Your browser doesn’t support HTML5 audio
En medio de los festejos que se vivieron en Caleta Olivia tras la clasificación del conjunto albiceleste a la final, el reconocido periodista Carlos “Napo” Acosta compartió la intensidad con la que atravesó el encuentro. “Decime que estoy vivo”, le dijo a una periodista de La Opinión Austral, en medio de la celebración que reunió a más de un centenar de vecinos en el centro local.
“Estaba en el diario. Pensé que me moría. Para mí, el hecho de haber estado en Malvinas hace que tenga el sentimiento de que no podíamos perder. No por los jugadores, sino por la nacionalidad a la que representan. Más aún cuando pidieron que no llevaran la bandera de las Islas Malvinas”, expresó.
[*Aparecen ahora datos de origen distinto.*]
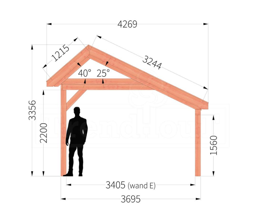 Deze kapschuur is als bouwpakket samengesteld en het laten opbouwen door Trendhout is een optie.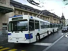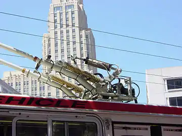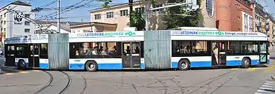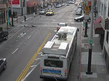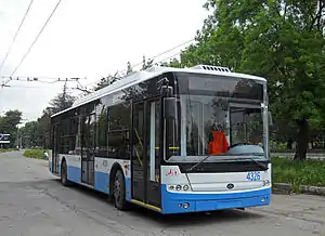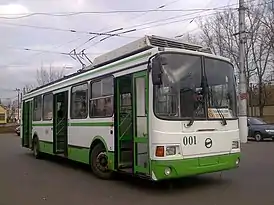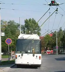 Тролле́йбус — безрельсовое механическое транспортное средство (преимущественно пассажирское, хотя встречаются троллейбусы грузовые и специального назначения[1]) контактного типа[1] с электрическим приводом, получающее электрический ток от внешнего источника питания (от центральных электрических станций)[1] через двухпроводную контактную сеть с помощью штангового токоприёмника[2] и сочетающее в себе как преимущества, так и недостатки трамвая и автобуса[3].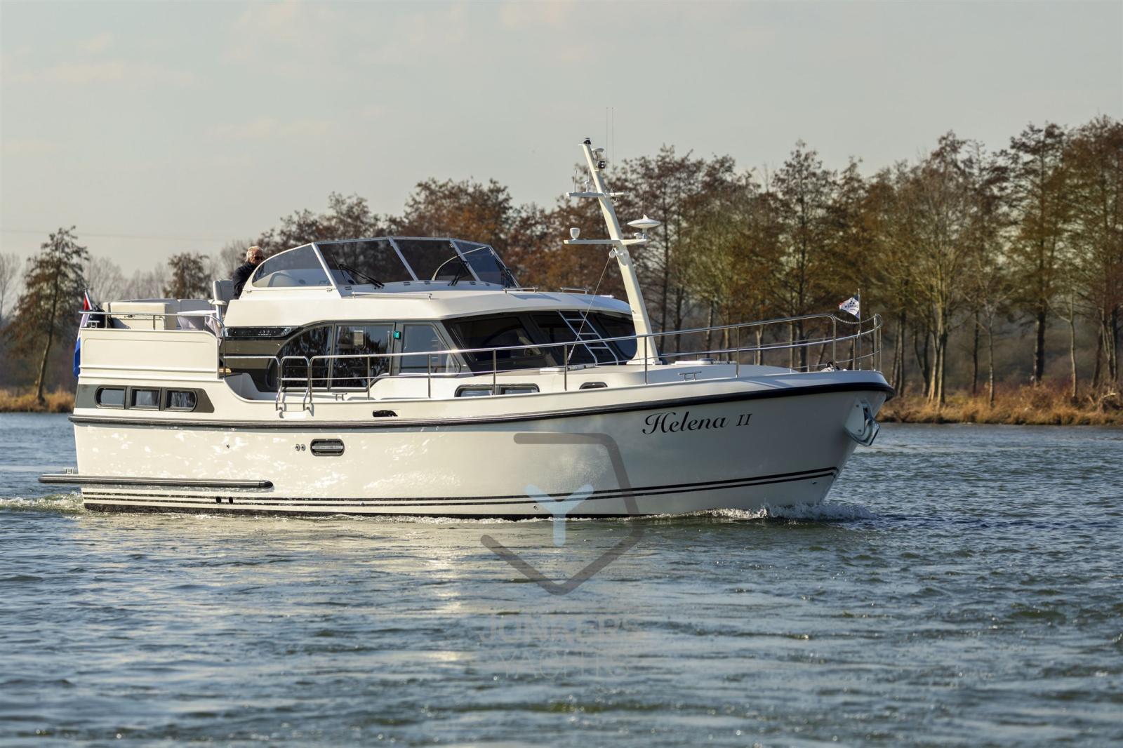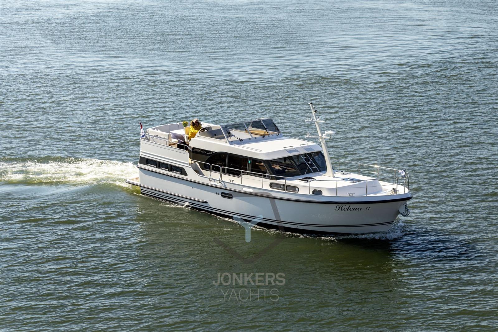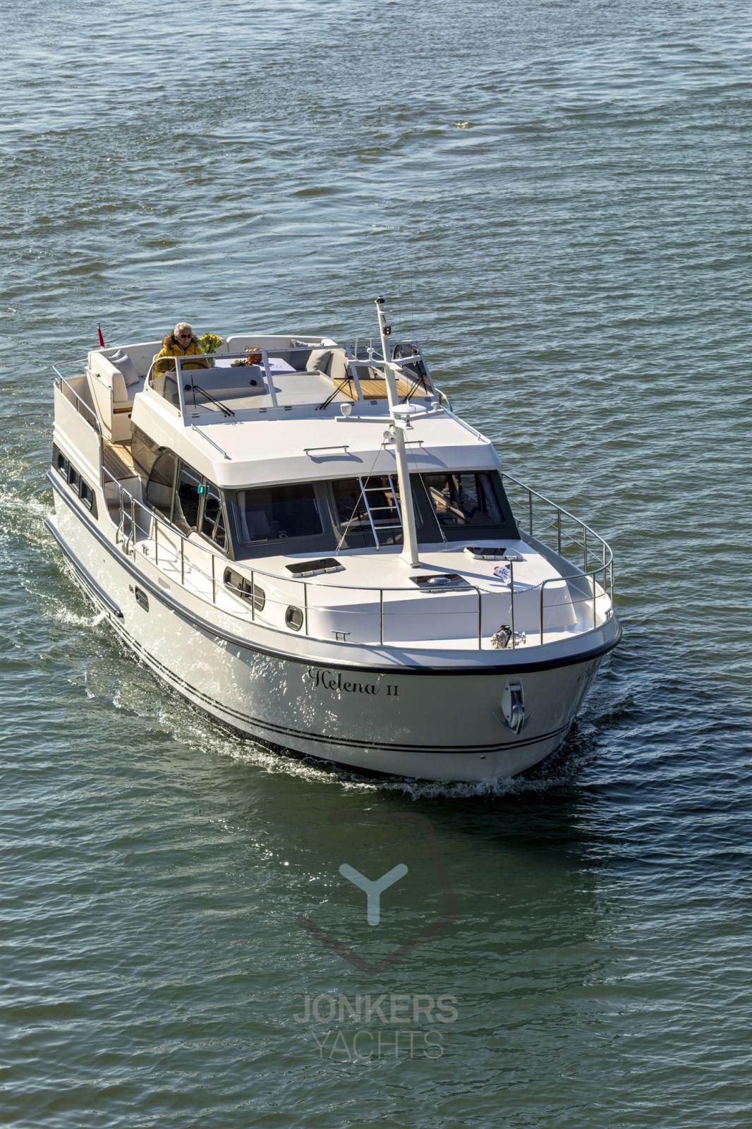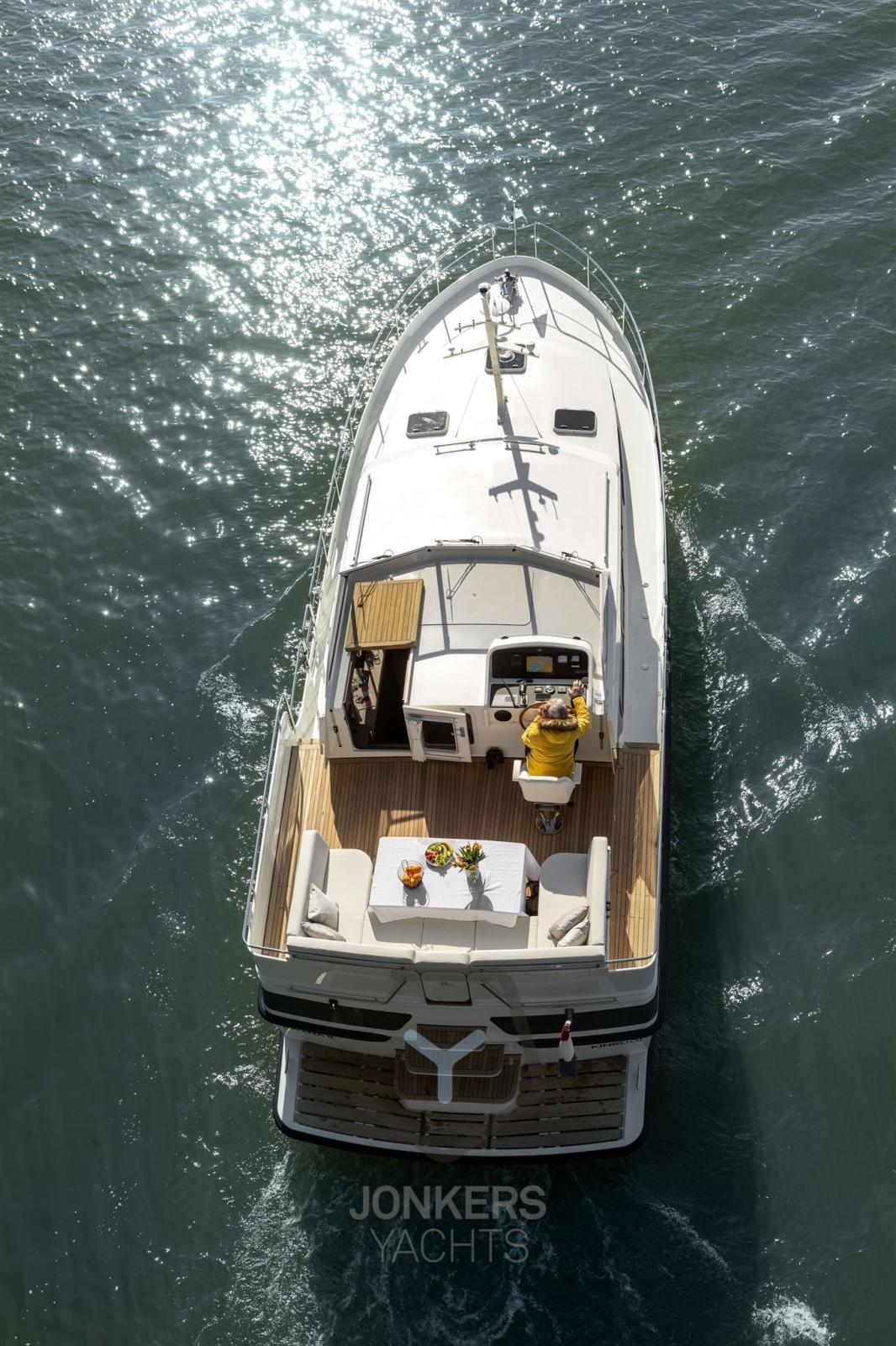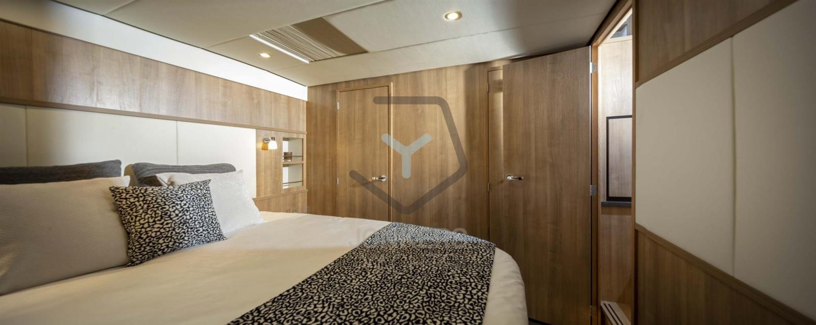 A spacious saloon with L-shaped bench seat (with Easy Sleep Convert System) and spacious galley on starboard side. Dinette with cupboard on port side. Forward cabin with free-standing twin bed and cupboards, toilet unit with electric toilet and separate shower room and a guest cabin with two single beds and cupboards.
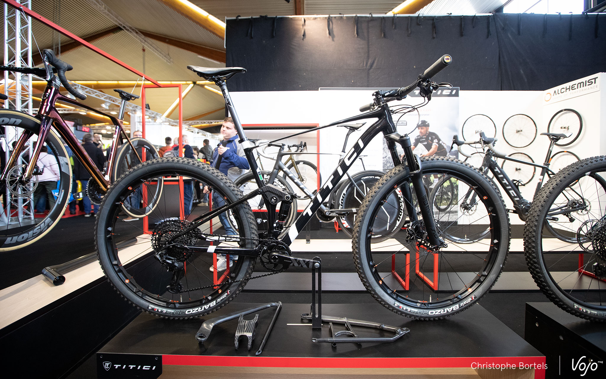 Chez Leon, on pouvait admirer cet Effectus, un endurigide 29″ à la géométrie impressionnante. La fourche rouge par contre, on est moins convaincu…
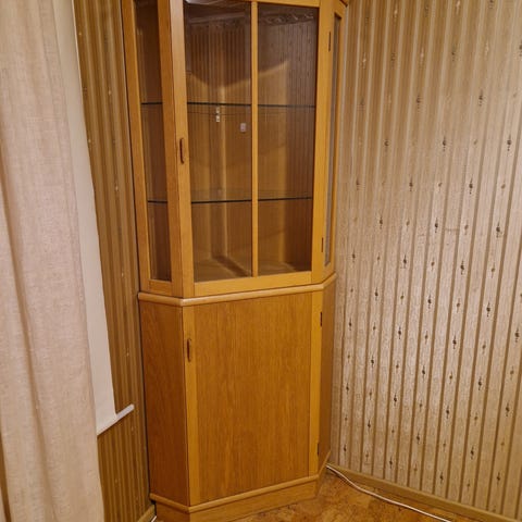 Vitriinissä lasitasot ja takaseinässä peili.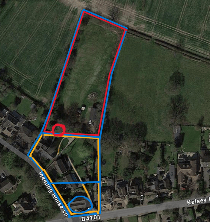 For much of its history, today’s 85 Kelsey Lane was on Meeting House Lane. The site was originally home to a cottage and croft (marked in red on the map) whose history we can trace back to the mid-17th century. The holdings were expanded through Enclosure in 1802 (marked in yellow on the map). Early C18 inventories suggest that the ‘cottage’ had six rooms, three on each floor. In c.1860 a new house was built with access from Kelsey Lane (marked in blue on the map). By 1914, the property was known as Sunnydale.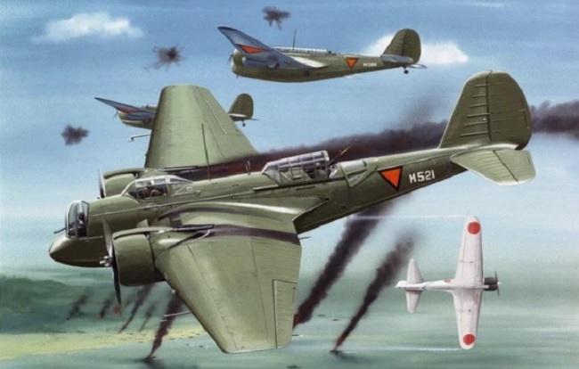 По хорошей традиции, с картинками голландских «Мартинов» опять беда: не любят их профильные «рисовальщики». От безысходности везде и всюду используют произведение историка и художника из Нидерландов Тэйса Постма (Thijs Postma), ну а мы что, рыжие? Итак. 13 января 1942 года. На картине три «Мартина» у острова Таракан (Западный Борнео) превозмогают «Зеро» на фоне горящих вражеских пароходов. На практике всё было немного прозаичнее. Вылет такой был: три тройки бомбардировщиков из разных эскадрилий действительно полетели в район Таракана, правда одна заблудилась и с японским «Комитетом по встрече» к счастью разминулась . Об ущербе вражеским плавсредствам ничего неизвестно, зато известно о голландских потерях: пять «Мартинов», сбитых «Зеро» корпуса Таинан, при, о чудо, именно пяти заявках японцев. Уже горящая машина на переднем плане (б/н M521, в реалиях модификации WH-2, но на картинке изображён WH-1) была позднее повреждена японцами на земле и в начале марта 42-го списана.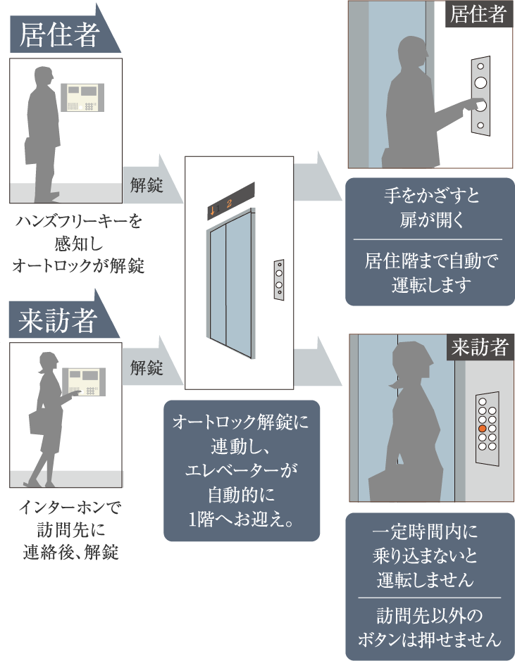 エントランスの認証入館システムとエレベーターセキュリティシステムの連動で、目的階以外への出入りを制御します。また不審者の侵入を防ぐ機能としても威力を発揮します。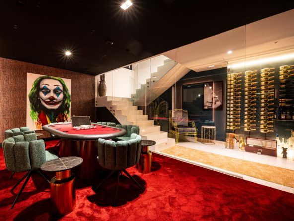 The villa has two guest bedrooms on the main floor, each with en-suite bathrooms and garden views. Upstairs, the master suite offers dual dressing rooms, a private office, and a large bathroom with a free-standing bathtub. The suite opens to a terrace with sweeping views. Another en-suite bedroom completes the upper floor. The basement level includes a private gym, cinema, wine cellar, and entertainment spaces, giving you everything you need for both relaxation and leisure.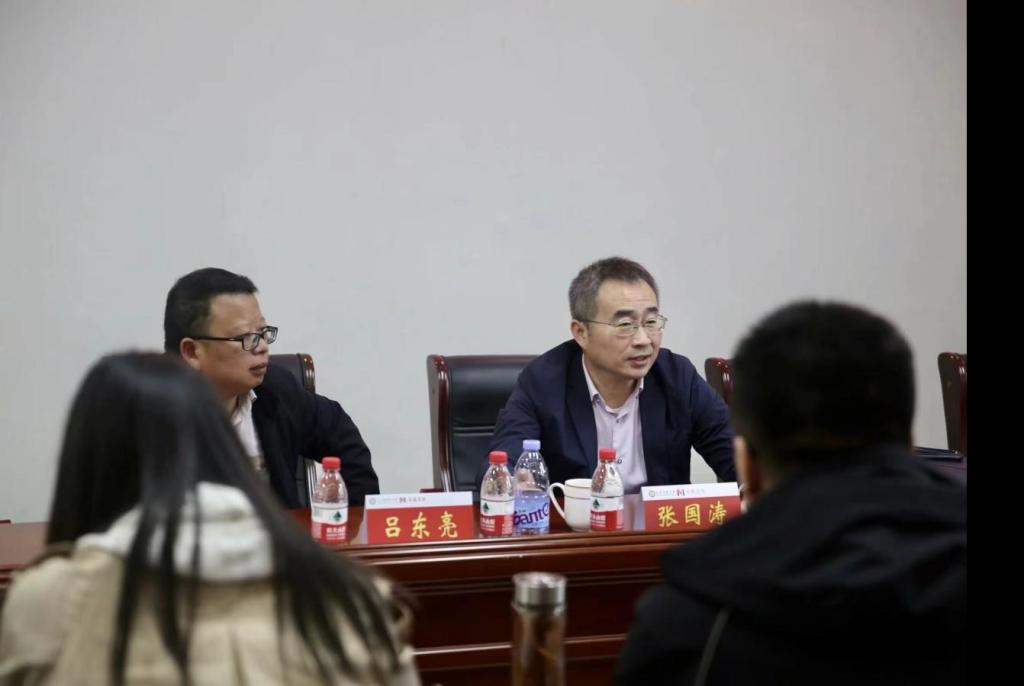 讲座结束后,张国涛教授与公司教师代表、广播电视专业研究生在公司会议室对学科期刊发展现状及教材出版等问题展开交流探讨,并针对师生提出问题一一解答。

El periodista seguía el partido desde la redacción de El Patagónico y reconoció que lo vivió con una carga emocional difícil de describir. “La verdad es que te dan ganas de llorar. Es indescriptible, esto es histórico”, afirmó. Incluso confesó que, durante el encuentro, apeló al recuerdo de Diego Armando Maradona. “Hasta al Diego le pedí: ‘Diego, ayudanos por favor’. Y nos ayudó”, dijo entre risas y emoción.
Nacido en Comodoro Rivadavia, en 1954, Carlos “Napo” Acosta continúa viviendo en la ciudad chubutense. Desde hace años desarrolla su actividad periodística en la región y de lunes a viernes se encuentra en Caleta Olivia por cuestiones laborales. A lo largo de su trayectoria también realizó coberturas en la Antártida, donde estuvo en la Base Marambio.
Sin embargo, una de las experiencias que marcó para siempre su carrera y su vida fue su paso por las Islas Malvinas, donde permaneció desde el 3 al 4 de abril de 1982.
A los 28 años, Acosta fue enviado como corresponsal a las Islas Malvinas. En aquel entonces trabajaba para El Patagónico y también era corresponsal de Noticias Argentinas. Desde las islas fue testigo directo del conflicto y de una realidad muy distinta a la que difundían numerosos medios de comunicación durante aquellos días.
“Me peleé con Galtieri. Nos cerraron El Patagónico durante varios días porque no mentíamos. Había periodistas que decían que íbamos ganando la guerra, mientras nosotros contábamos lo que realmente estaba pasando”, recordó.
Durante su cobertura también debió enfrentar situaciones de tensión tanto con algunos habitantes de las islas como con integrantes de las Fuerzas Armadas. “Me enojé con los kelpers que me tiraban las motos encima, y con los militares que no querían que les sacara fotos”, señaló.
Sin embargo, lo que permanece más vivo en su memoria son las imágenes del conflicto. “Vi el horror de la gente que murió. Muchos eran jovencitos que no tenían preparación”, contó.
Por eso, cuando el árbitro marcó el final del partido y Argentina selló su clasificación a la final tras derrotar a Inglaterra, las emociones volvieron a aflorar. “Hoy lloro por otra cosa”, confesó.
El triunfo de Argentina ante Inglaterra reavivó muchas emociones y le dio un significado especial a una noche que quedará grabada para siempre en la memoria de todo el país.